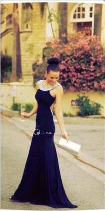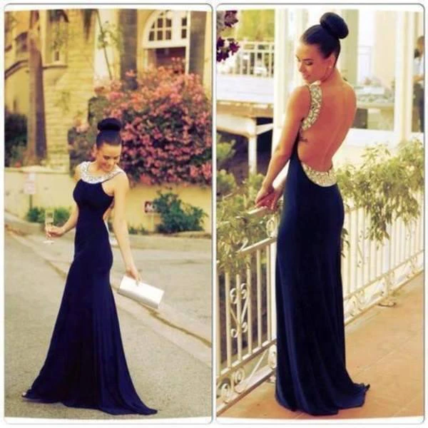Backless Long Chiffon Prom Dress Beadings
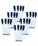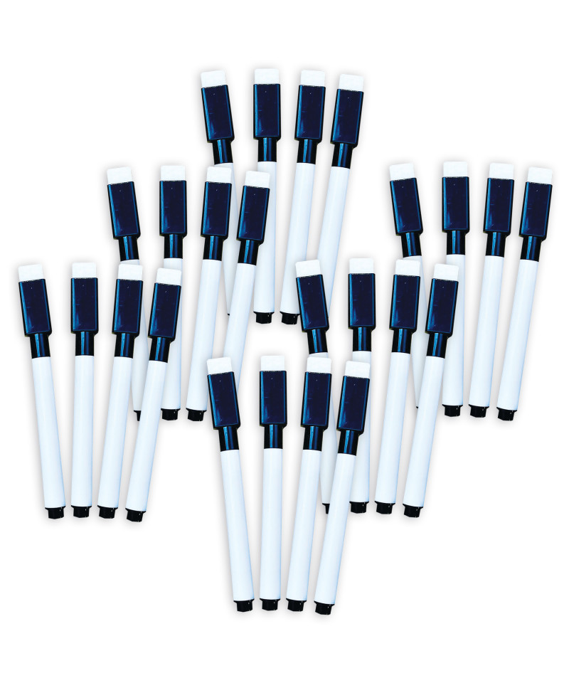 Fine point dry erase markers easily clean and wipe from any dry erase surface. The cap has an eraser attached for easy removable of ink from all dry erase surfaces. Perfect for travel and classroom work. Each pack includes 4 black dry erase markers. Sold as 6 packs for a total of 24 markers.
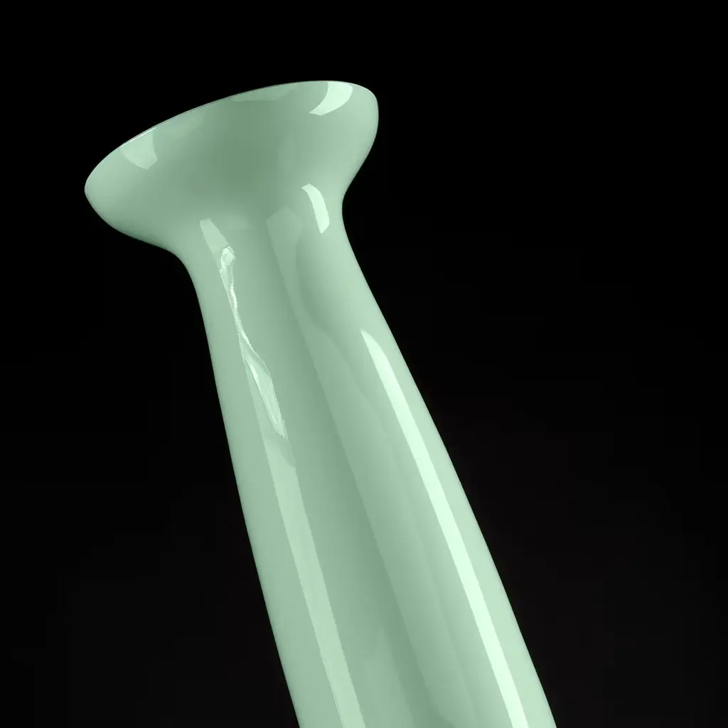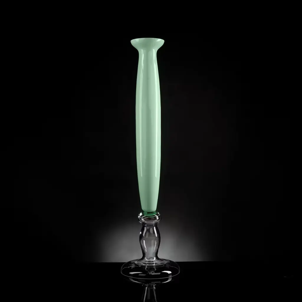 A striking piece of functional decor that combines traditional craftsmanship and modern flair, this vase will be a charming statement when showcased on an entryway, or living room corner. The piece flaunts a slender silhouette marked by a round clear base, and a thin and smooth body boasting a neo-mint hue.
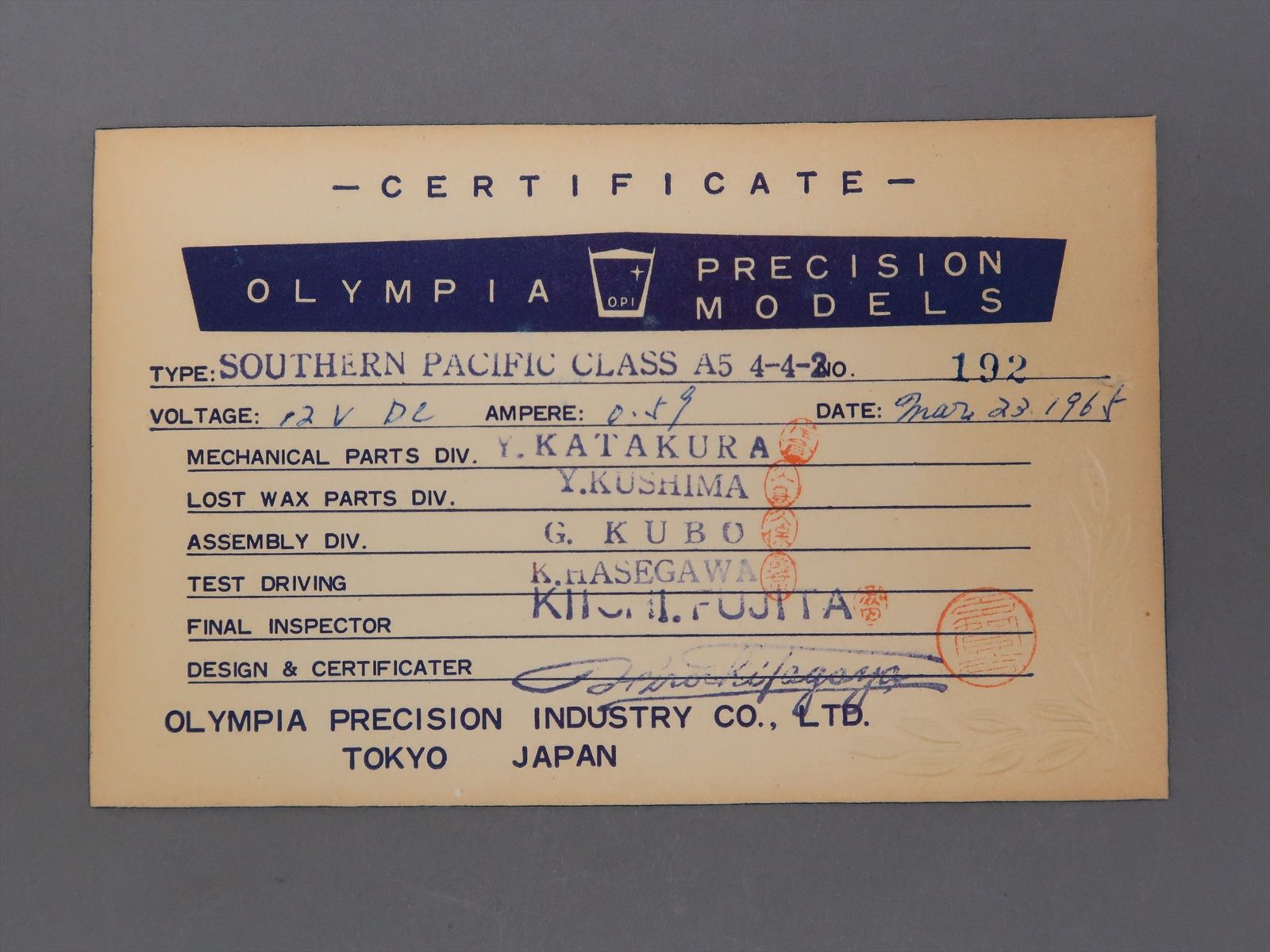 HO Brass Model - Gem SP Southern Pacific 4-4-2 A5 Atlantic - Unpainted - 1965 Run - Olympia
++++++++++++++++++++
### [Task statement]
Return the lines above exactly; the images are not part of the copy.

### [Result for this exercise]
Backless Long Chiffon Prom Dress Beadings
 Fine point dry erase markers easily clean and wipe from any dry erase surface. The cap has an eraser attached for easy removable of ink from all dry erase surfaces. Perfect for travel and classroom work. Each pack includes 4 black dry erase markers. Sold as 6 packs for a total of 24 markers.
 A striking piece of functional decor that combines traditional craftsmanship and modern flair, this vase will be a charming statement when showcased on an entryway, or living room corner. The piece flaunts a slender silhouette marked by a round clear base, and a thin and smooth body boasting a neo-mint hue.
 HO Brass Model - Gem SP Southern Pacific 4-4-2 A5 Atlantic - Unpainted - 1965 Run - Olympia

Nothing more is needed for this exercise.